Quote exactly and only this range of lines in the data below: the line that holds "おかげで母ちゃん元気出ました‼︎♡ 息子くんの微妙な風邪もあと少しってところです◡̈⃝♩ 相変わらず元気で動きたがってます(笑)" to the line that holds "这里总共为玩家分了8类,它们", both included.
((
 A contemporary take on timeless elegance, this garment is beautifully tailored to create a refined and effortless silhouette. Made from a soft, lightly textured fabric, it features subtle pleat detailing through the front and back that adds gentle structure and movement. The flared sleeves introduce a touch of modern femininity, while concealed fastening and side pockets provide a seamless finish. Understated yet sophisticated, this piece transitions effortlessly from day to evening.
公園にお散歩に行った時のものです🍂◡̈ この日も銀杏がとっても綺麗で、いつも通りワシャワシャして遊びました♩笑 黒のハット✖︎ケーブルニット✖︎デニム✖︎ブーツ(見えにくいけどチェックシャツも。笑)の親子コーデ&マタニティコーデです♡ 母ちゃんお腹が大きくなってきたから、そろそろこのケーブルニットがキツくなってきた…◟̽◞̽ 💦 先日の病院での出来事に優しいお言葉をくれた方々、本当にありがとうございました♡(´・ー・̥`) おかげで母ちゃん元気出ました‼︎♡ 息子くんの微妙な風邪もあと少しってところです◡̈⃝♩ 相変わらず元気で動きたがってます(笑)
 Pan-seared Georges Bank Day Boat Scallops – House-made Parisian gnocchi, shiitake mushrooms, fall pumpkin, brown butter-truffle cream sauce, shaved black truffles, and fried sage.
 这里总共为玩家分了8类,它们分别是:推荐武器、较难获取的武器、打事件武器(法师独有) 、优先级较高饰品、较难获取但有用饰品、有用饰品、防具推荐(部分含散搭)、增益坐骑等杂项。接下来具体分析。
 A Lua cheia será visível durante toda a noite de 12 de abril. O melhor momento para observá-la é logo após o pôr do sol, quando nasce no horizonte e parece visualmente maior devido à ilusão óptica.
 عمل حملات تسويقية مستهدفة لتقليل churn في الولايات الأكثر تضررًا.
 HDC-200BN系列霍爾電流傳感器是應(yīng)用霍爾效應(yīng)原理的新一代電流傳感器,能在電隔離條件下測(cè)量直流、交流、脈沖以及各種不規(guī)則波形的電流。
))
• **SOLUTION TO THE PROBLEM**
公園にお散歩に行った時のものです🍂◡̈ この日も銀杏がとっても綺麗で、いつも通りワシャワシャして遊びました♩笑 黒のハット✖︎ケーブルニット✖︎デニム✖︎ブーツ(見えにくいけどチェックシャツも。笑)の親子コーデ&マタニティコーデです♡ 母ちゃんお腹が大きくなってきたから、そろそろこのケーブルニットがキツくなってきた…◟̽◞̽ 💦 先日の病院での出来事に優しいお言葉をくれた方々、本当にありがとうございました♡(´・ー・̥`) おかげで母ちゃん元気出ました‼︎♡ 息子くんの微妙な風邪もあと少しってところです◡̈⃝♩ 相変わらず元気で動きたがってます(笑)
 Pan-seared Georges Bank Day Boat Scallops – House-made Parisian gnocchi, shiitake mushrooms, fall pumpkin, brown butter-truffle cream sauce, shaved black truffles, and fried sage.
 这里总共为玩家分了8类,它们分别是:推荐武器、较难获取的武器、打事件武器(法师独有) 、优先级较高饰品、较难获取但有用饰品、有用饰品、防具推荐(部分含散搭)、增益坐骑等杂项。接下来具体分析。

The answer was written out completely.